Migrating a Hive table to Iceberg

You see how to use a simple ALTER TABLE statement to migrate an external Hive table to an Iceberg table. You see how to specify Iceberg classes in table properties to configure table input and output.

When you migrate an external Hive table to Iceberg, Hive makes the following changes:

  • Converts the storage_handler, serde, inputformat and outputformat properties of the table in HMS to use the Iceberg specific classes.

  • Reads the footers of the existing data files and generates the necessary Iceberg metadata files based on the footers.

  • Commits all the data files to the Iceberg table in a single commit.

You must meet the prerequisites for using Iceberg mentioned earlier.

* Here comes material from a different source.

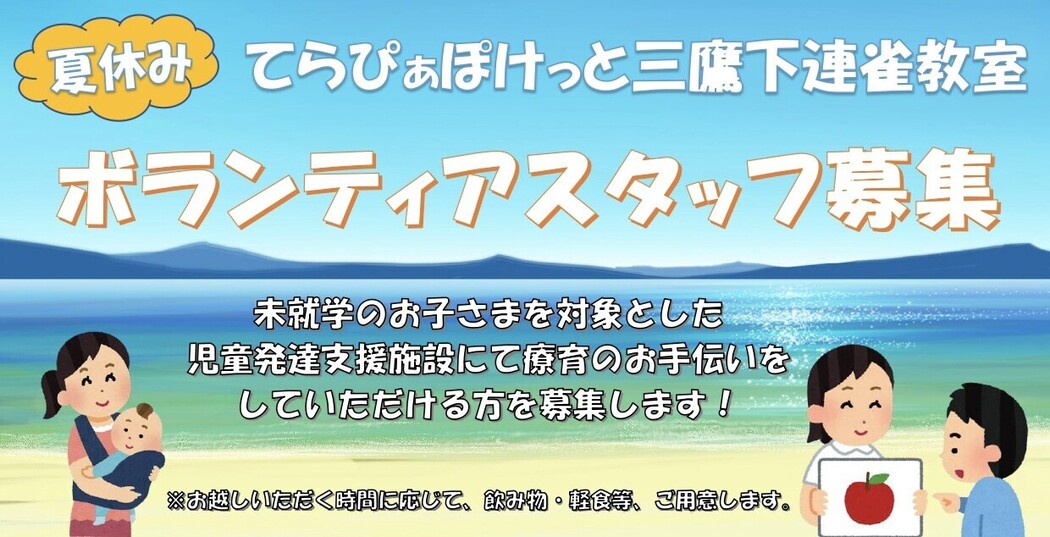 この夏、"てらぴぁぽけっと三鷹下連雀教室"では、ボランティアとして活動に参加していただける学生の方を募集しています✨

  1. Log in to the CDP web interface and navigate to the Data Warehouse service.
  2. In the Data Warehouse service, navigate to the Overview page, locate your Hive Virtual Warehouse, and click Hue.
  3. Enter a query to use a database.
    For example:
    USE mydb;
  4. Enter a Hive query to migrate an existing external Hive table to an Iceberg v2 table.
    For example:
    ALTER TABLE tbl 
    SET TBLPROPERTIES ('storage_handler'='org.apache.iceberg.mr.hive.HiveIcebergStorageHandler',
     'format-version' = '2');
    Do not drop the table as explained above unless you set the 'external.table.purge' table property to false.
  5. Click to run the query.